The answer should consist of the full listing below, repeated exactly and free of pictures.

AVAILABLE DATA:
╔══
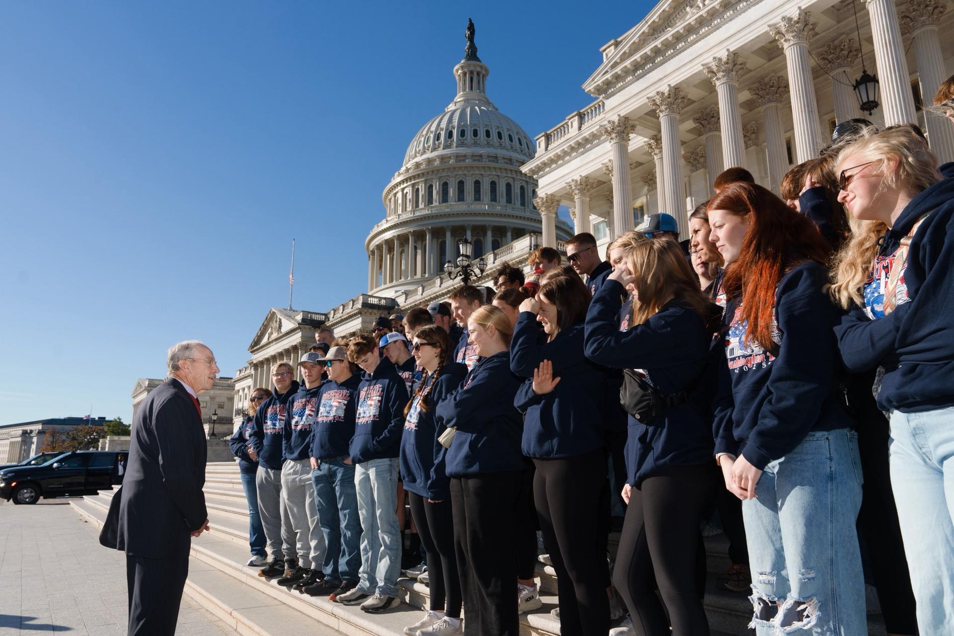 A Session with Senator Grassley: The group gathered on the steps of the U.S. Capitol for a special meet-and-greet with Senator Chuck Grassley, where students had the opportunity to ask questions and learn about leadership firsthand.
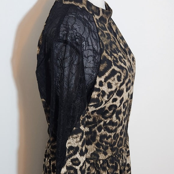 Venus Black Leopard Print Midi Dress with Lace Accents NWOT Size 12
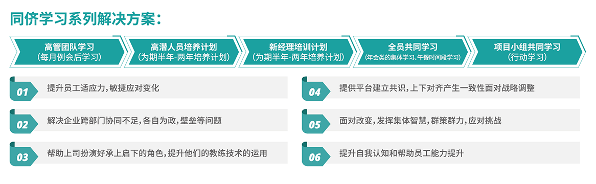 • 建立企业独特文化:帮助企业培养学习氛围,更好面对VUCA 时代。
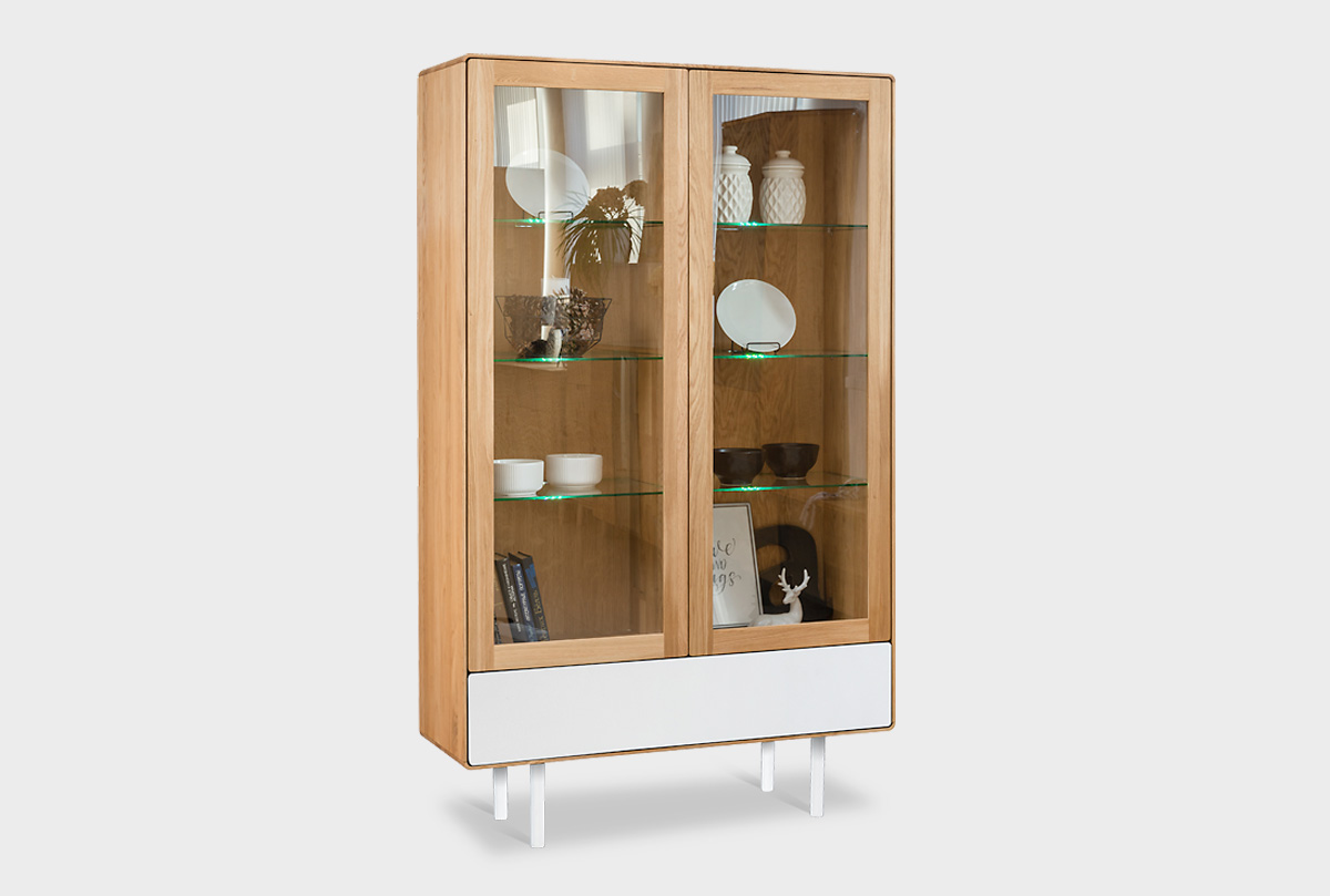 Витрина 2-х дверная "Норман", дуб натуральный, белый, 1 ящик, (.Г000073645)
╚══
ANSWER:
 A Session with Senator Grassley: The group gathered on the steps of the U.S. Capitol for a special meet-and-greet with Senator Chuck Grassley, where students had the opportunity to ask questions and learn about leadership firsthand.
 Venus Black Leopard Print Midi Dress with Lace Accents NWOT Size 12
 • 建立企业独特文化:帮助企业培养学习氛围,更好面对VUCA 时代。
 Витрина 2-х дверная "Норман", дуб натуральный, белый, 1 ящик, (.Г000073645)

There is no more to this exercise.